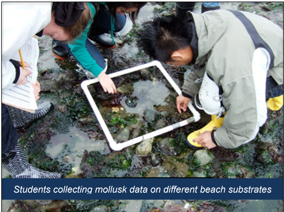
Students collecting mollusk data on different beach substrates

Mollusks have a "foot" which may be able to attach more securely to larger substrates, such as boulders, and allow them more room to move. So, the students expected to find more mollusks on boulders than on other types of substrates. To gather the data needed to answer this question, the students went to a
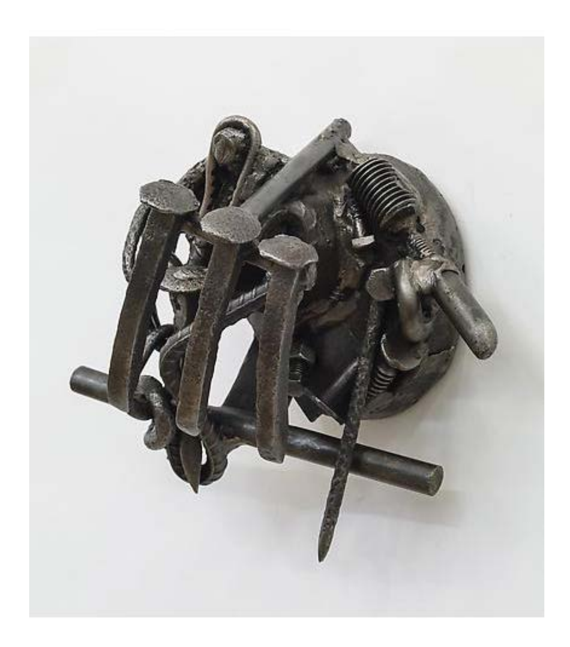
Year by Year (1994) Welded steel 10h x 11w x 8d in (25.4h x 27.94w x 20.32d cm)
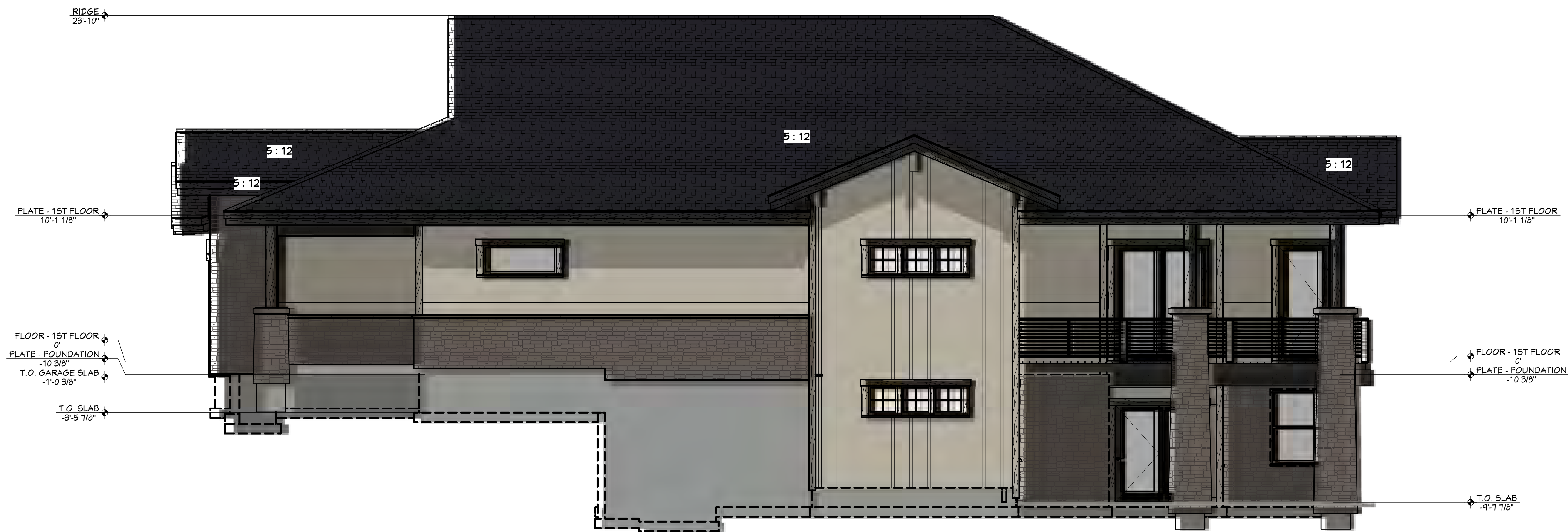
RIGHT ELEVATION 1/4" = 1'-0"
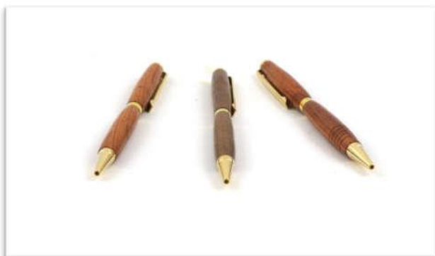
Kim Zorn, Bubinga & Walnut, Woodturners EEE
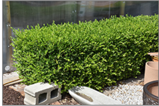
NewGen Independence Boxwood
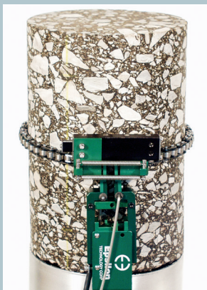
Model 3544 with a 4 inch diameter specimen

See the electronics section of this catalog for available signal conditioners and strain meters.
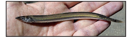
American sand lance

It became obvious to us that this fish is well known to many fish enthusiasts, given the large amount of correct responses that we received. We vow
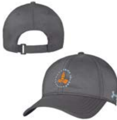
FRIPP ISLAND, SC UH300M972 AEU03805861 CAP FP ICE, SUN AEU03318307 CAP CL ICE
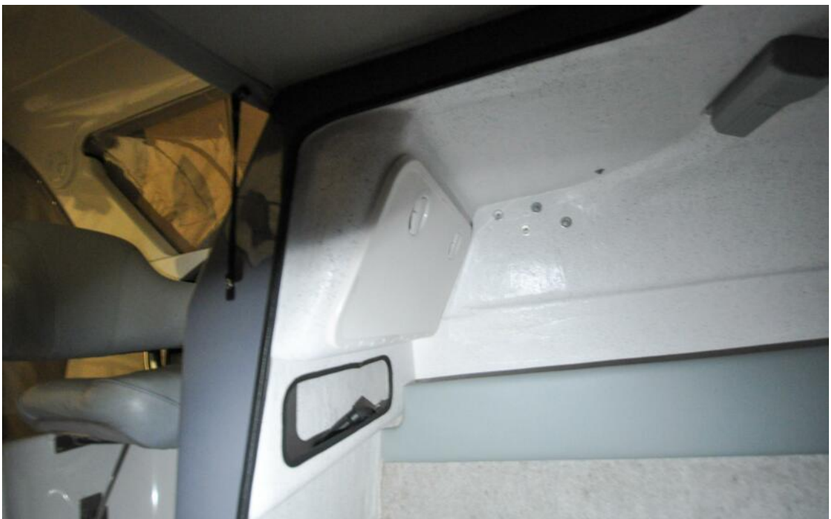
Protector 28 Targa Wiwiki Offered For Sale32
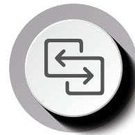
MERGING SALESFORCE CRMS
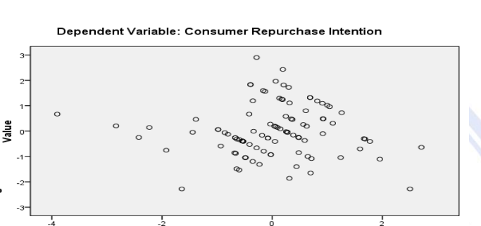
Figure 2. Heteroscedasticity Source: SPSS Output version 22.00, 2019

Figure 2 shows that the dots is not created a specific pattern and also spread above and below 0 (zero). It proves that there is no heteroscedasticity in this regression model.
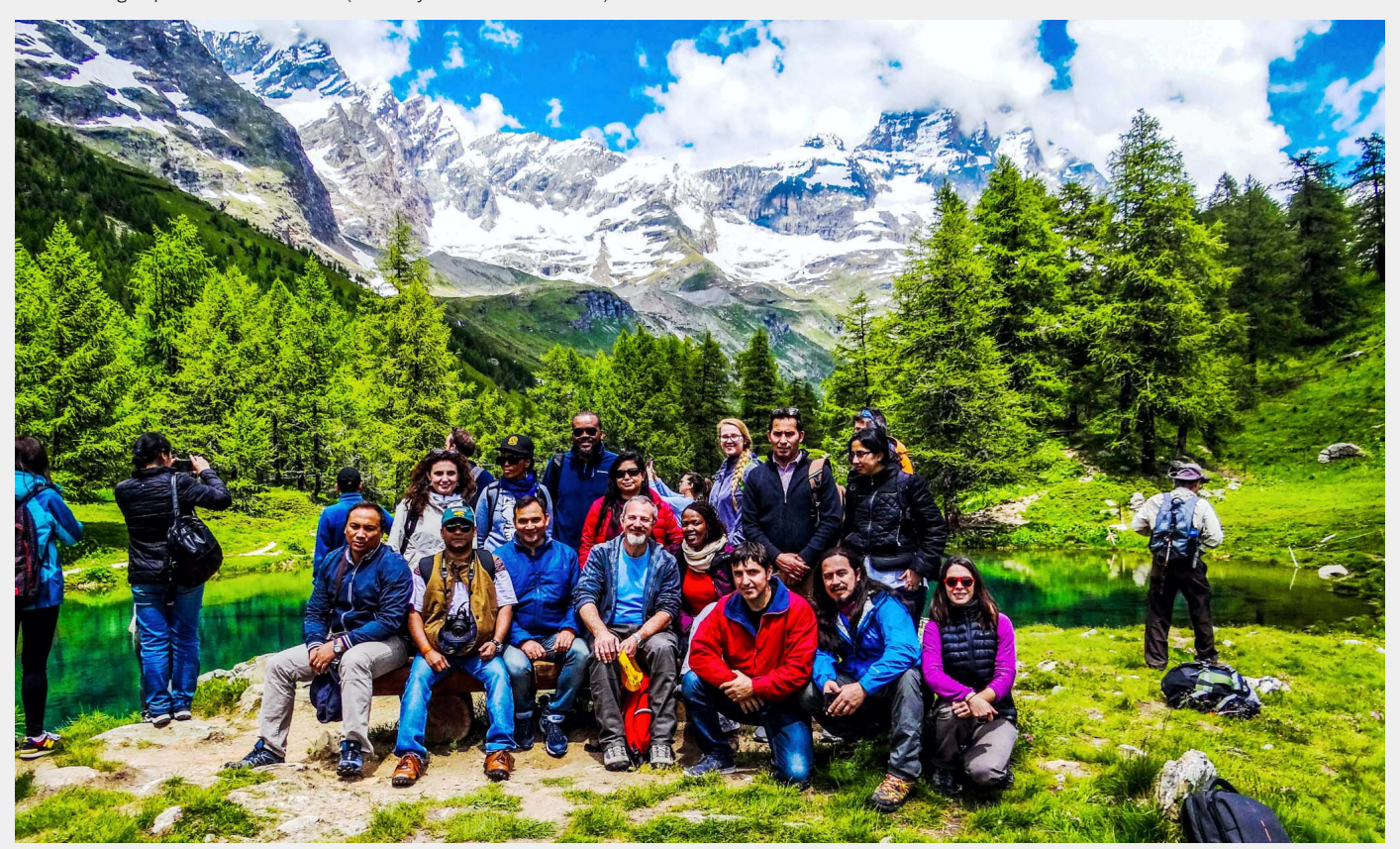
(Figure 3). The 2019 course was dedicated to the landscape approach for enhancing mountain resilience.
################
ABOUT THIS EXERCISE ▸
From the records above, output only the lines starting at the one containing "Model 3544 with a 4 inch diameter specimen" and ending at the one containing "American sand lance", word for word. Pictures stay out.

SOLUTION FOR THIS PROBLEM ▸
Model 3544 with a 4 inch diameter specimen

See the electronics section of this catalog for available signal conditioners and strain meters.
American sand lance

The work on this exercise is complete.